This is something new to me and that last "demo" got the point across.
I still need to do more reading but at least now I have a clue :D

If it helps I will relate the third part of the IA demonstration. To further demonstrate that skin effect was the cause of the more than 100% increase in voltage drop, in the next part of the demonstration we put a Harmonic Mitigating Transformer (HMT) in line at the end of the 400' cable run and before the dimmer pack. 


(From front to back in the PP slide above are the Strand Dimmer Packs, Cam Spider Boxes, an 400A 3-Phase Dual Output HMT,
and finally the Dimmer Room Company Switches)
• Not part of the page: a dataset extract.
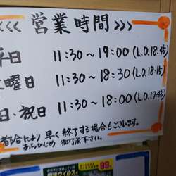 | 営業時間 | 11:30~19:00 [土] 11:30~18:30 [日] 11:30~18:00 ※ラストオーダーは各15分前 |

As you can see from the side-by-side comparison of the voltage waveform without the HMT (left) and with the HMT (right), the HMT greatly reduces the voltage waveform distortion and virtually eliminates the voltage drop caused by the harmonics drawn by the dimmer packs encountering the system impedance.
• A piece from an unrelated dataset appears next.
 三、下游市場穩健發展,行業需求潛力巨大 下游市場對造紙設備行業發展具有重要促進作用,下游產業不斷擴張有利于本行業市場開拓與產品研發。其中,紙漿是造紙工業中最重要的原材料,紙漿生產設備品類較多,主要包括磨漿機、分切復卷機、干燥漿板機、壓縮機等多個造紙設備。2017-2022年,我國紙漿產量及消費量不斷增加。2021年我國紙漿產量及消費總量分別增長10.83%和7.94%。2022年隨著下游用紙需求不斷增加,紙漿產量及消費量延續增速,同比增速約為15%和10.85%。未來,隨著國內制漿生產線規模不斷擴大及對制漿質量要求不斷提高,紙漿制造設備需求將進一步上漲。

How do HMTs accomplish this? As you may recall from my earlier post, the voltage distortion is caused when each harmonic current drawn by a non-linear load flows through the impedance of the distribution system resulting in a voltage drop at that harmonic frequency. Because the combined impedance of the typical Delta-Wye service transformer, and lengthy distribution cable is high at the load, voltage distortion often exceeds the 5% maximum voltage distortion limit recommended by IEEE Std. 519-1992 when just lightly loaded with non-linear loads. At just one-half of full-load RMS current service transformers can produce critically high levels of voltage distortion and flat-topping at their outputs and at the downstream loads.


To minimize the voltage distortion rise due to impedance of the service transformer and cable, HMTs are deployed close to non-linear loads and thereby reduce the impedance encountered by harmonic currents. HMTs accomplish this by zero sequence flux cancellation and phase shifting.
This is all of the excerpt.